Méthode Cap Classique, South Africa's "Champagne"
Celebrating MCC Day
Spectacular South Africa celebrates Méthode Cap Classique on Thursday, 1 September this year. What is MCC? It’s South Africa’s version of Champagne made using the age-old traditional method. The first Méthode Cap Classique produced in South Africa was released over half a century ago in 1971, and it’s since become the fastest-growing wine category.
For over three decades, producers have not been able to use the term Champagne for anything other than the bottle-fermented wine from the Champagne region in France. Many South African wineries are creating fierce competition for their French counterparts despite the bottle being unable to bear the Champagne classification.
What is the difference between sparkling wine and MCC?
It’s complicated! In a nutshell, you can tell the difference by the size of the bubbles. The South African MCC has tiny, perfectly effervescent bubbles, whilst sparkling wine, such as tank-fermented Prosecco has bigger bubbles and a courser fizz. The MCC process is complex and lengthy.
MCC in the making
Once the winemaker has created the bottled base still wine, they add the liqueur de tirage, a blend of wine, yeast and sugar that begins the second fermentation process. The winemaker seals the bottles, meaning that the carbon dioxide resulting from fermentation process cannot escape, forming bubbles inside the bottle. During this process, sediment forms from the yeast and needs to be removed to achieve a clear sparkling wine.
Every day for the next few weeks, the winemaker will turn the bottle in a process known as remuage.
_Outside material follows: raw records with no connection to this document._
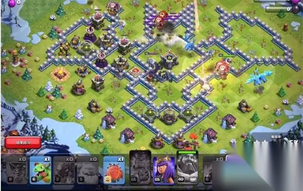 部落冲突十周年挑战赛2018满星通关攻略 1、首先先放置电龙将上方的老六电塔打掉,上方12点钟方向在清个边。 2、然后放蛮王将防空火箭打掉,之后大部队从12点到3点方向平推这里的建筑。 3、留个气球在9点帮英雄分点伤害,苍蝇汽球9-12一字划,电龙下半区辅助放。 4、下面x弩处4地震,下2组4武神2天使,打到中间下4野猪,2毒药杀王杀援。
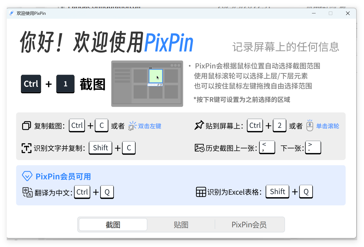Pixpin 的默认截图快捷方式为:Ctrl + 1 :
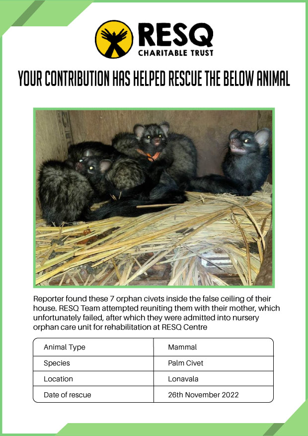 RESQ was founded in 2007 to provide emergency aid to animals in distress. Since then, the rescue and rehabilitation work of the organisation has provided aid to thousands of animals of over 200+ species, improved public health and safety outcomes, and actively worked on preventing human-animal conflict across multiple urban and rural ecosystems.

The bottles are carefully placed in boards with bottle-shaped holes known as pupitres; every turn is intentional and forces the sediment to collect in the neck of the bottle. To remove the sediment, the maker places the bottle necks in an icy brine bath to freeze it; then, the bottle top is removed to allow the built-up pressure to shoot out the ice cube of sediment. This process is known as degorgement. Finally, the bottle is topped up with liqueur de expedition , to replace the volume of wine that was lost in degorgement, and sealed.
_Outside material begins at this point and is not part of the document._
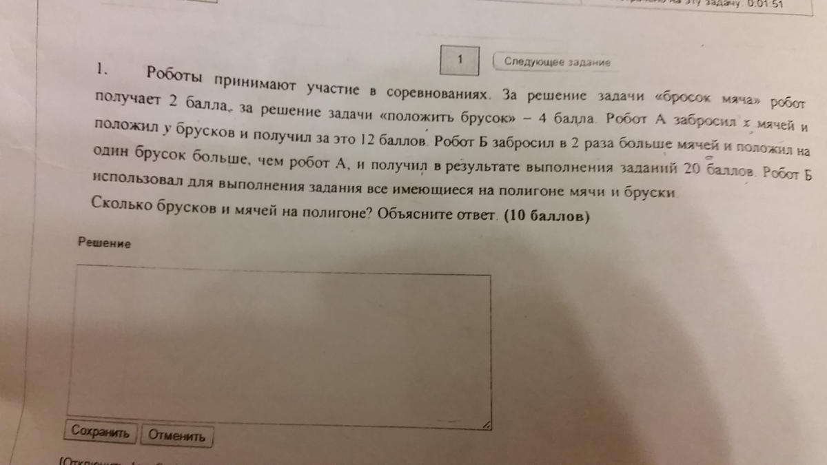 у - брусков положил робот а, тогда у+1 - брусков положил робот б, тогда составим систему:

A top-quality Méthode Cap Classique is determined by its vintage, cultivar and sugar level. The cultivar refers to the grape type, whilst the vintage is the year the grapes are harvested from any of South Africa's meticulously maintained vineyards.
The South African MCC is exceptionally versatile, and pairs beautifully with dishes such as oysters, fish and chicken; the slightly sweeter versions pair well with mild curry flavours and honeyed desserts. Typically, an MCC is a pale straw colour and boasts peppy aromas of citrus flowers, refreshing hints of peach and apples and a teaser of freshly baked bread. The pleasant acidity causes a slight tartness making you want more than one sip. Our premium MCC is every bit as delightful as the finest Champagnes at a fraction of the cost.